Lütfen linkteki videoyu izleyiniz.
https://goo.gl/3r6OLg
Bu konser Viyana’da her yıl düzenlenen yeni yıl konserinden Johann Strauss’un Radetzky Marşı’dır. Viyana Filarmoni Orkestrası’nın 2014 yılının son gününde gerçekleştirdiği bu konserde, müziğin coşturucu ritmi ve güzelliğini izlerken, orkestra şefinin tüm orkestra elemanlarının arasında dolaşıp, teker teker tüm yıl gösterdikleri gayretleri için kendilerine teşekkür ettiğini, müziği kesilmeden devam ettirdiğini ve bu arada coşan seyirciyi de yöneterek onları da müziğin içine aldığını göreceksiniz.

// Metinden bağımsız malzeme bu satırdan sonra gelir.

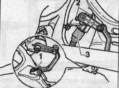 Устанавливать датчик только такого же исполнения. Соответствующим образом обработать и установить запасную часть. Ввернуть болты «2». При этом не повредить крепежную пластину. При затяжке винтов «2» удерживать датчик уровня а/м. Рычаг датчика должен быть обращен наружу. Ввернуть болт «1». Подсоединить штекерный разъем «3». Выполнить базовую настройку фар. После снятия и установки датчика дорожного просвета или открепления тяг на а/м с системой электронного регулирования демпфирования следует зан адаптировать положение регулировки. После повторной адаптации положения регулировки на а/м с ассистентом движения по полосе следует выполнить повторную калибровку блока управления ассистента движения по полосе «J759».
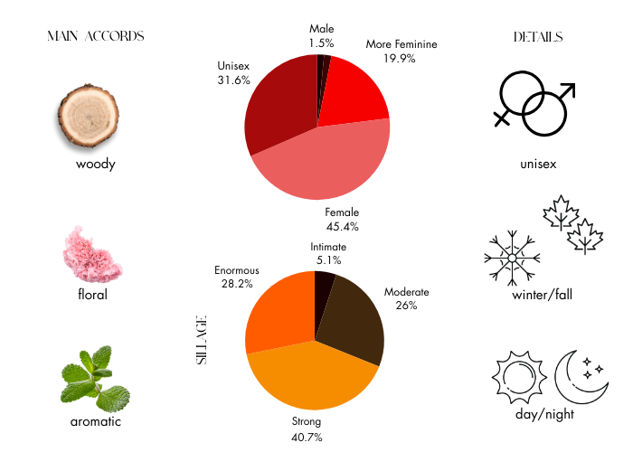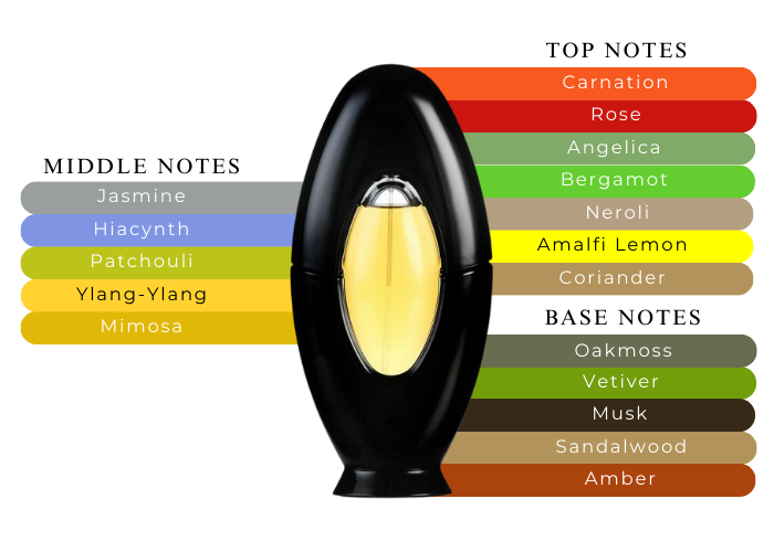 This classically passionate fragrance is a combination of Bergamot, Neroli, Jasmine, Rose, Ylang-Ylang, Coriander, Patchouli, Vetiver, and Amber.

Bence bu açıdan bu konserin çok fazla anlamı bulunmaktadır.
Radetzky Marşı klasik müzik seven veya sevmeyen herkesi coşturmaktadır, çünkü burada insanları etkileyen sadece müziğin ritmi değil, orkestranın mükemmel uyumu ve seyirciye verdiği enerjidir.
Nasıl ki böylesi bir enerji başta Maestro’dan olmak üzere, tüm orkestra elemanlarından salona yayılıyor ve ortaya mükemmel seslendirilmiş bir eser çıkıyorsa, mükemmel bir uyum içinde çalışan işletmelerin de üretmiş oldukları ürün ve hizmetin müşterilerini etkilemesi, onların işletmeye veya markaya olan bağlılıklarını arttıracaktır.
“Altın Yakalı” olarak isimlendirdiğimiz işletmelerin tepe yöneticilerinin birer Maestro gibi tedarikten satış sonrası hizmete kadar işletmenin tüm departmanlarını uyum içinde çalıştırmalı, performanslarını değerlendirmeli ve sonuçta iç ve dış müşterilerin memnuniyetini sağlamalıdırlar.
Nasıl ki orkestranın içinde bir enstrümanın yanlış ses vermesi veya eksikliği, tüm eseri bozarsa, bir departmanın hatasından dolayı, işletmenin üreteceği en güzel mal veya hizmet bile, tüketici veya müşterinin gözünde işletme veya marka hakkında olumsuz algı oluşmasına neden olabilir. Bu nedenle “Altın Yakalı” yöneticiler, her departmanı ayrı değerlendirmeli ve tüm departmanların da birlikteki uyumunu sağlamalıdırlar.